A14Plot and interpret real-context graphs; kinematic problems

Notes

Real-context graphs and kinematics

OCR J560 graphs show distance, speed, water depth, mobile-phone tariffs, and other applied contexts. Reading the gradient and area gives quantitative answers; describing what each section means gives qualitative ones.

Distance–time graphs

Axes: time t (horizontal), distance d (vertical).

  • Gradient = speed.

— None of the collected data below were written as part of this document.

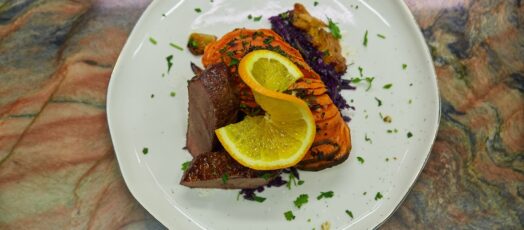 Narancsos kacsamell, legyező édesburgonyával, párolt lilakáposztával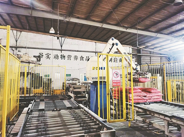 谷實生物集團股份有限公司車間里的機器人碼垛設備。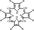 sf. [sec. XX; dal greco porphýra, porpora+-ina]. Gruppo di pigmenti la cui struttura fondamentale è costituita da quattro nuclei pirrolici collegati tra loro da gruppi metinici (–CH=). Le porfirine sono largamente diffuse nel regno animale e vegetale, rientrando in tale categoria la clorofilla e il gruppo eme, cofattore caratteristico delle emoproteine, quali l'emoglobina, i citocromi, la catalasi la perossidasi. In diverse porfirine gli atomi di azoto di ciascun anello pirrolico sono legati a un atomo di un metallo, che può essere il ferro o il magnesio, come si osserva rispettivamente nell'emoglobina e nella clorofilla. Tutte le porfirine naturali hanno la struttura generale sotto riportata, differendo tra loro per il numero, la natura e la posizione dei sostituenti –R.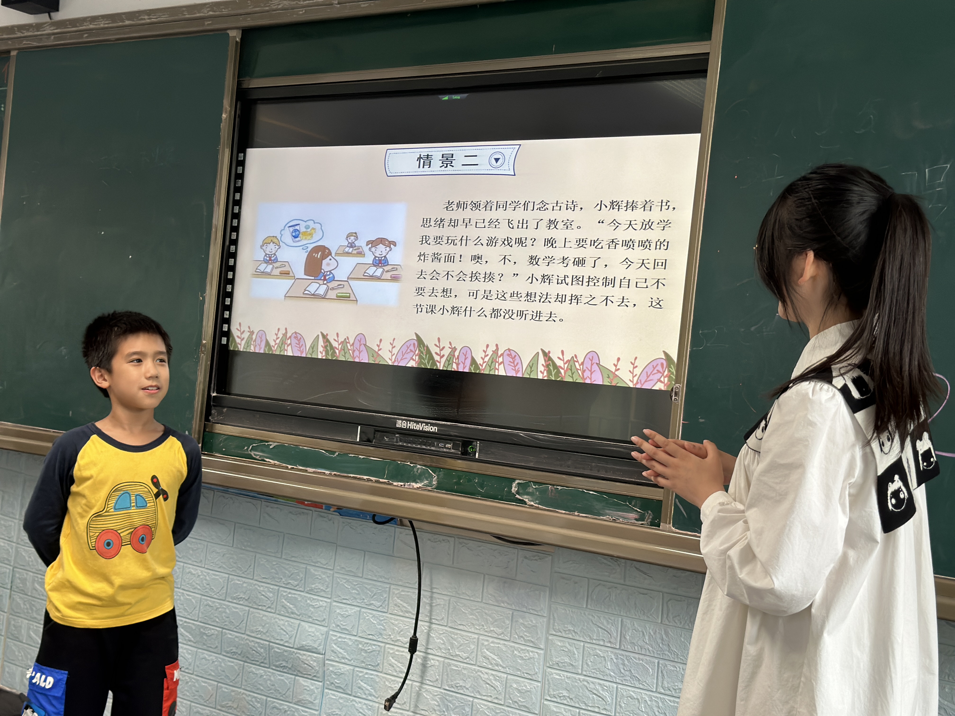 而针对学习时分心的情况,实践队通过邀请同学进行角色扮演的形式,模拟上课、写作业时注意力分散导致走神的情景,和三(4)班的同学们共同探讨遇到这种情况时重新专注的方法,总结出一套应对流程,分享给同学们。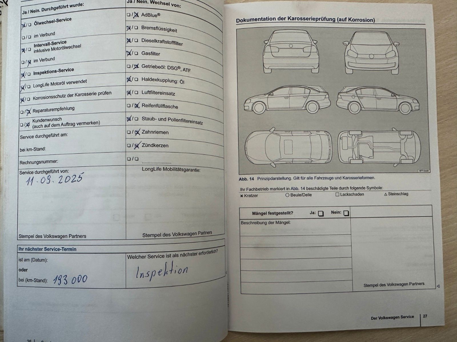 letzte Inspektion bei 177815 KM 09.2025
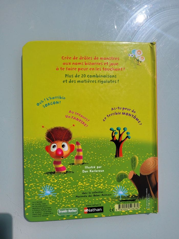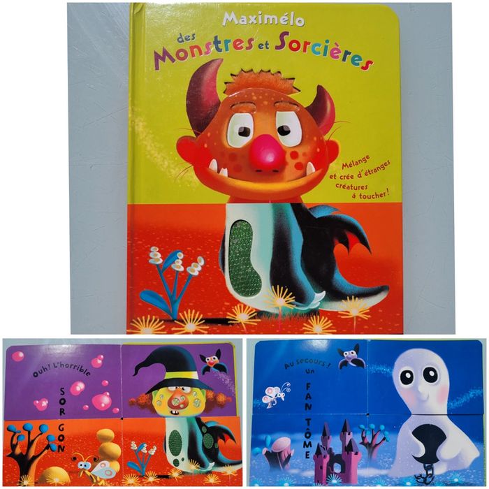 MAXIMÉLO DE MONSTRES ET SORCIÈRES Crée de drôles de monstres aux noms bizarres et joue à te faire peur en les touchant ! Plus de 20 combinaisons et des matières rigolotes !. 19.7 x 25.8 En très bon état Mes autres livres à toucher : #livreatouchermooglou Mes autres livres enfants : #livreenfantmooglou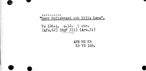 //// ********** //// "Herr Gullebrand och lilla Lena". //// - //// . //// . //// Vs 126:4. s.12. 1 str. //// (Afz.62) (DgF 3TJ.) (Arv.3l) //// AFZ MS KB //// KB VS 126. ////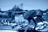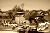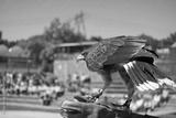 Majestic bird of prey perched on handler's glove at outdoor falconry event during sunny day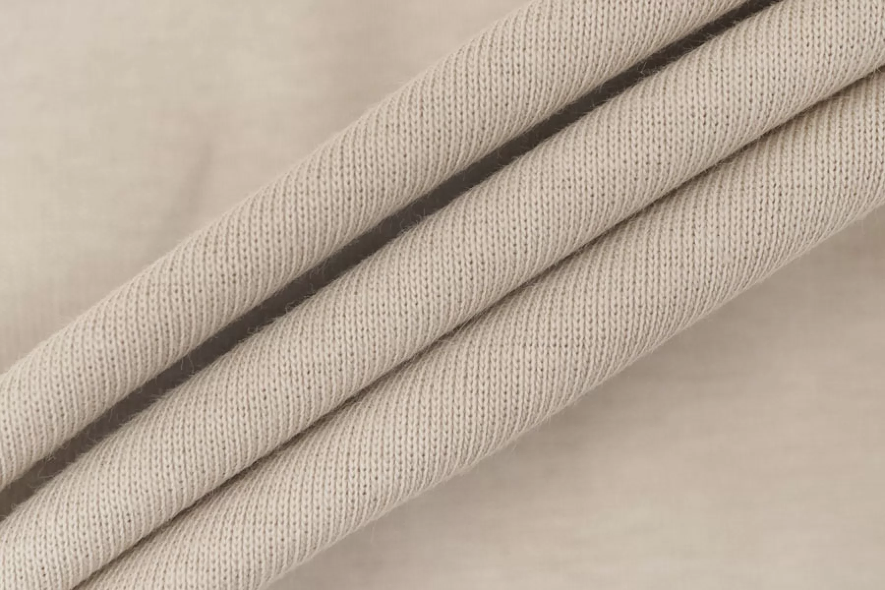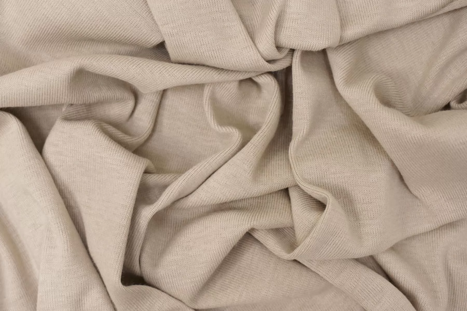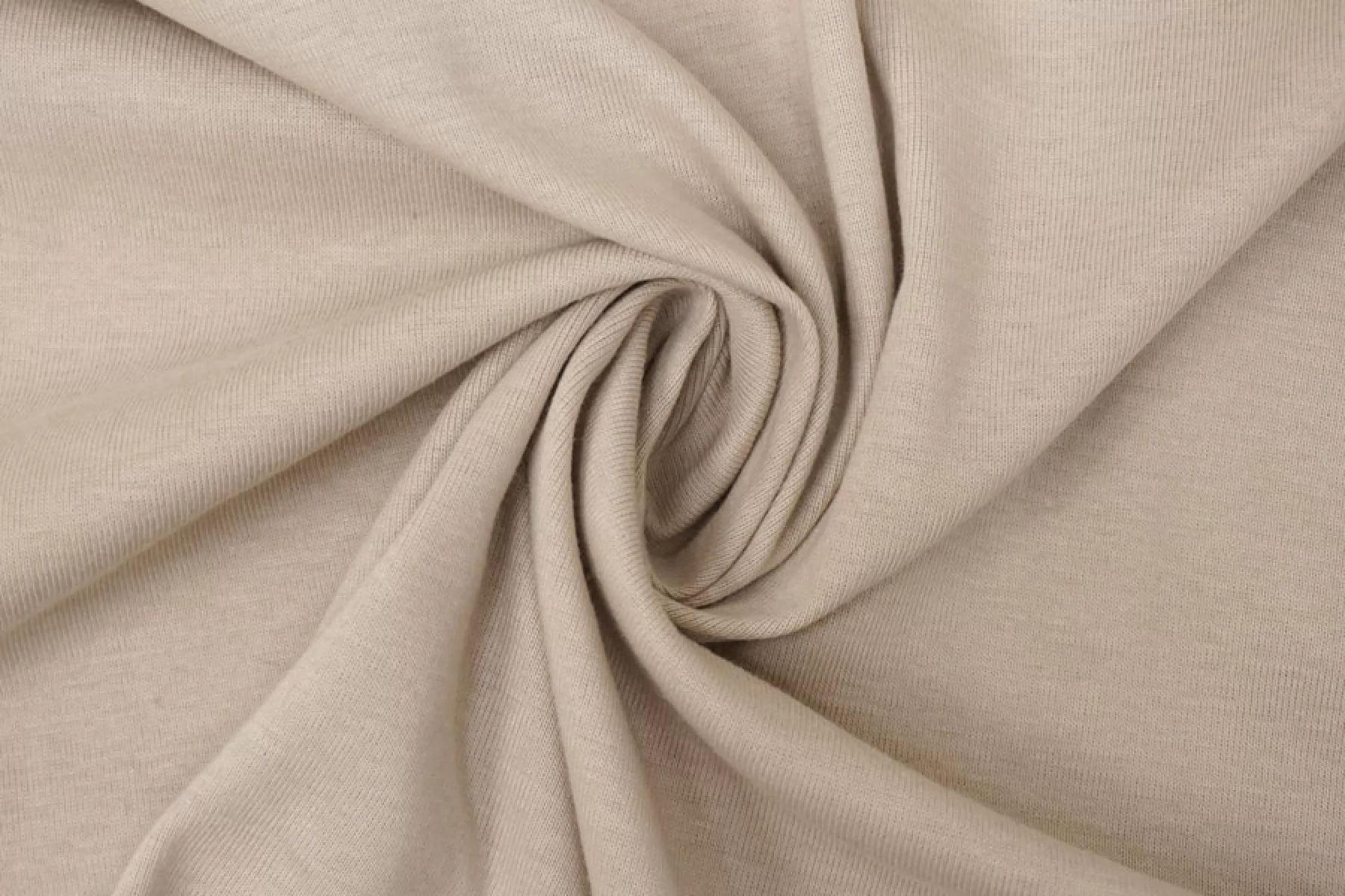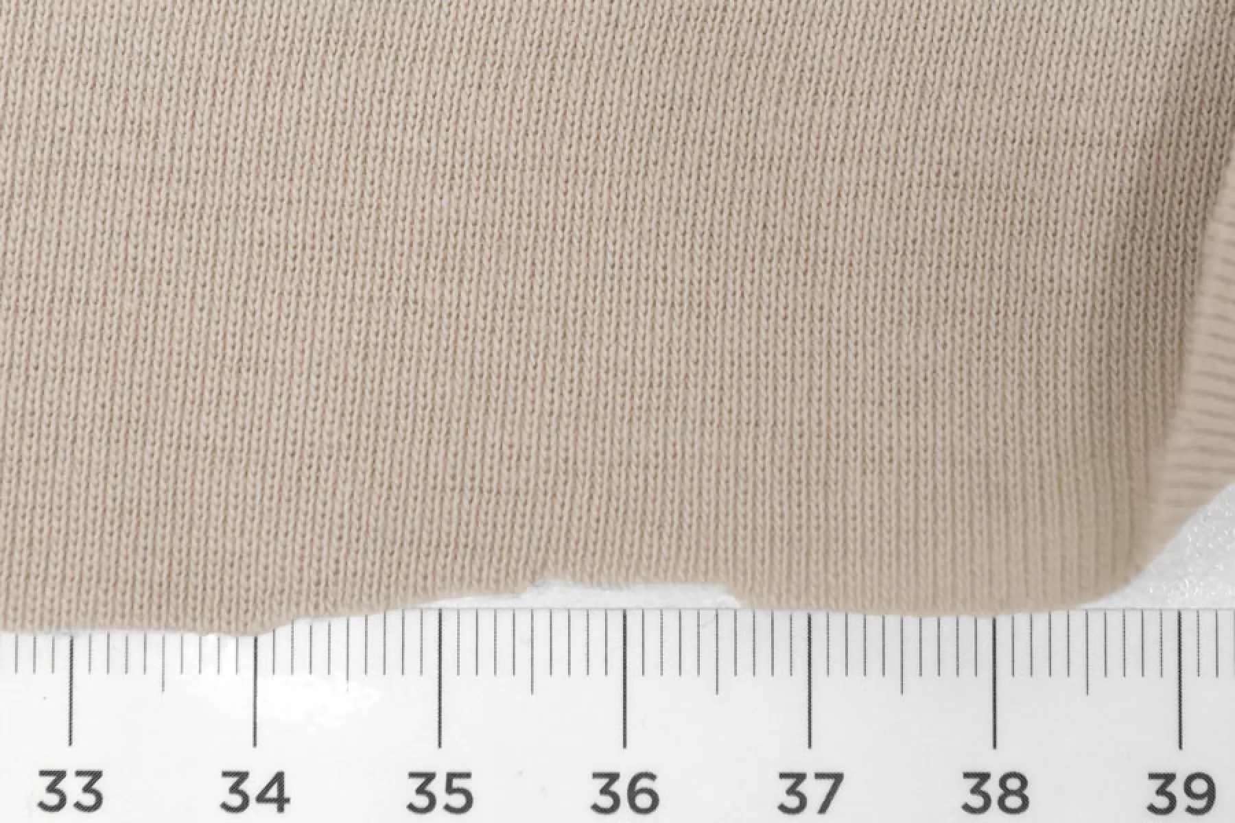 Итальянский хлопковый трикотаж от бренда PUCCI бежевого цвета. Материал пластичный, мягкий, гладкий. Тонкий. Немного просвечивает. Практически не мнется. Отлично тянется за счет плетения. Подойдет для пошива майки, футболки, топа, а также манжетов, подвязов или воротников.
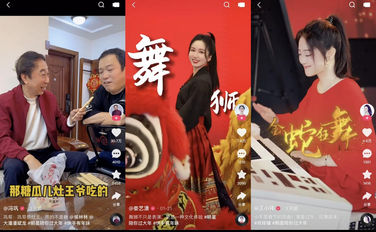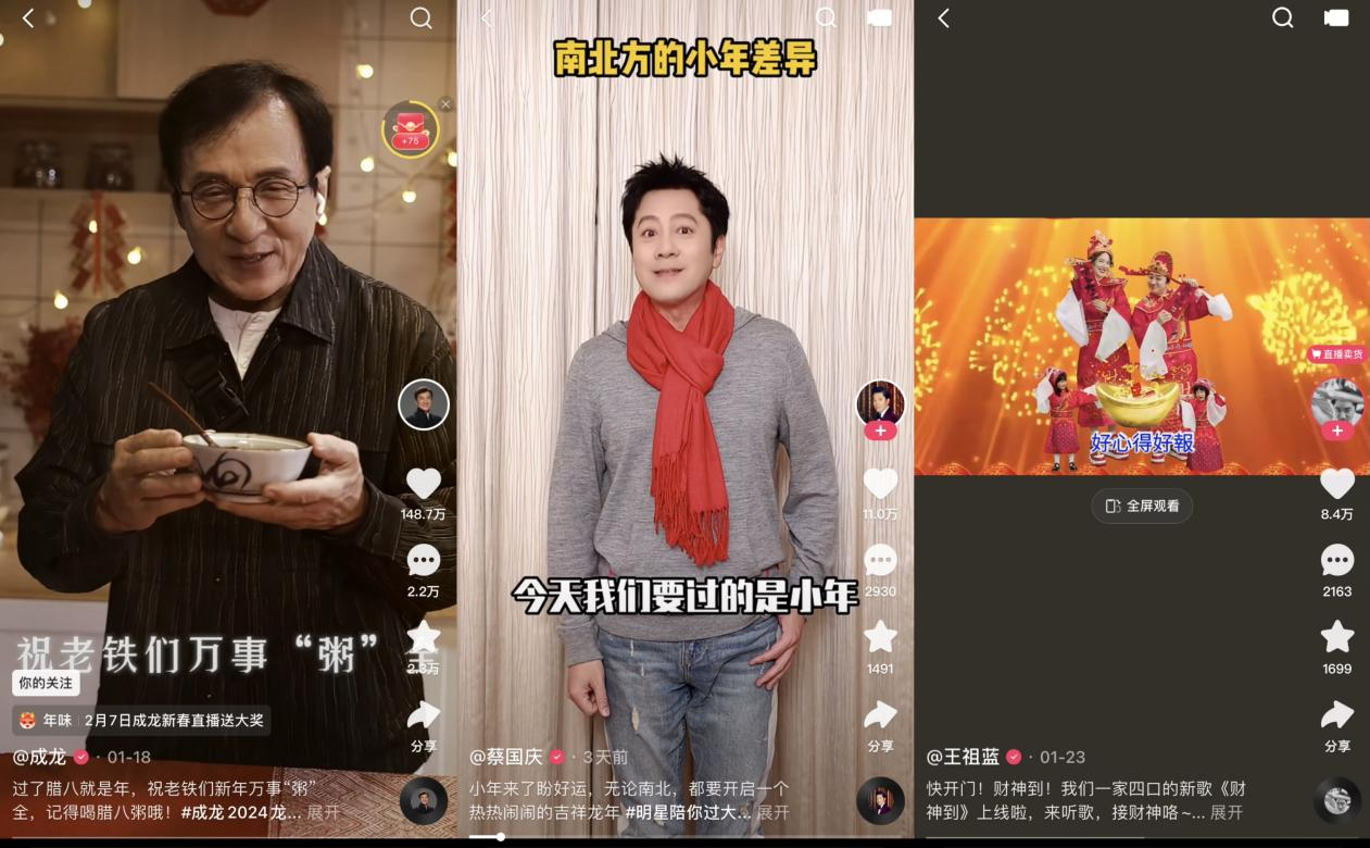 除了快手为明星量身打造的迎新年专属视频模板,早已练就了各种整活技能的明星们,也为粉丝陆续送上了专属祝福视频。腊八节当天,成龙用一支十分酷炫的短视频为老铁们送上了一碗“万事粥全”的腊八粥;蔡国庆分饰两角,为老铁讲解起南北方过小年的差异;一向爱搞怪的王祖蓝,携家人拍摄的《财神到》魔性又上头;还有冯巩与大潘合拍的节日段子、娄艺潇的舞狮体验、王小玮带来的《金蛇狂舞》等等,都让人感受到了浓浓的春节氛围。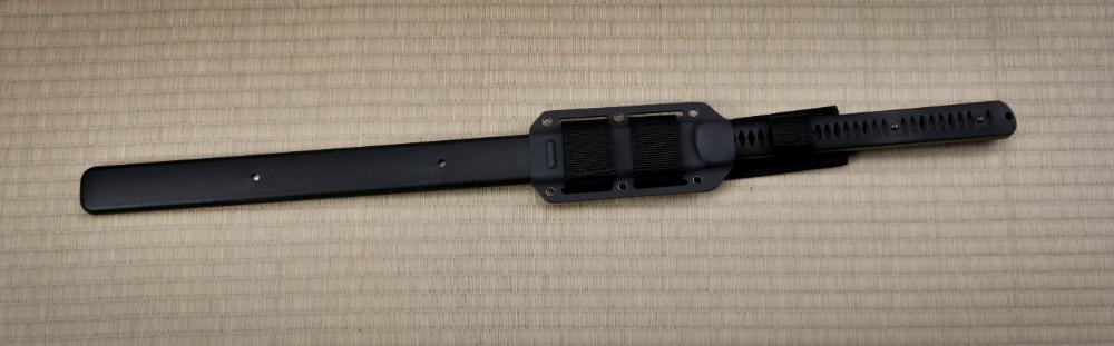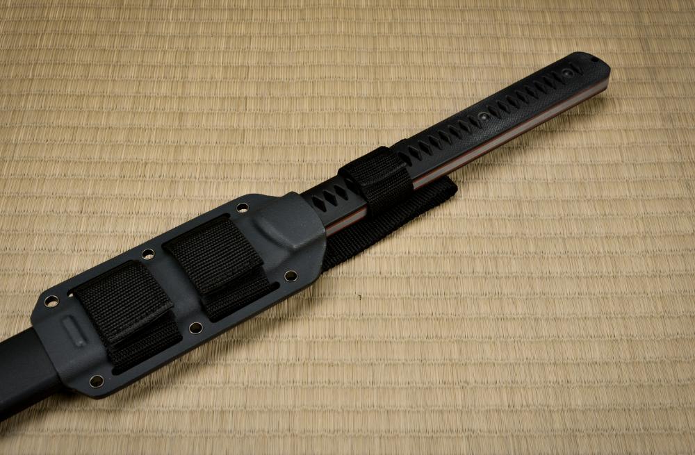 The pierced black canvas Micarta handle provides exceptional comfort and a secure grip, with smooth blade spines and liners for seamless handling. The accompanying scabbard features a Molle-compatible Kydex locket platform with a fiberglass shaft, ensuring secure and adaptable carry options. The overlapping sheath designs allow the Fallout Series tools to be paired like a traditional daisho, offering flexible combinations for users.

Steeper line → faster.
  • Horizontal line → stationary (speed 0).
  • Curved line → changing speed (acceleration or deceleration).
  • Negative gradient → moving back toward start.

Speed–time (velocity–time) graphs

Axes: time t (horizontal), speed v (vertical).

  • Gradient = acceleration.
  • Area under graph = distance travelled.
  • Horizontal line → constant speed.
  • Triangular section: distance = ½ × base × height.
  • Trapezoidal section: distance = ½ × (a + b) × h.

Water depth / filling graphs

A container being filled at a constant rate produces a depth–time graph whose shape reveals the cross-section of the container:

  • Cylinder: straight line (constant rate).
  • Cone (point down): curves slowly at first, then rapidly.
  • Wide-then-narrow: shallow then steep.

Worked exampleWorked example — speed–time

A car accelerates uniformly from rest to 20 m/s in 5 s, holds 20 m/s for 10 s, decelerates uniformly to rest in 5 s. Find total distance.

Triangle 1: ½ × 5 × 20 = 50 m. Rectangle: 10 × 20 = 200 m. Triangle 2: ½ × 5 × 20 = 50 m. Total: 300 m.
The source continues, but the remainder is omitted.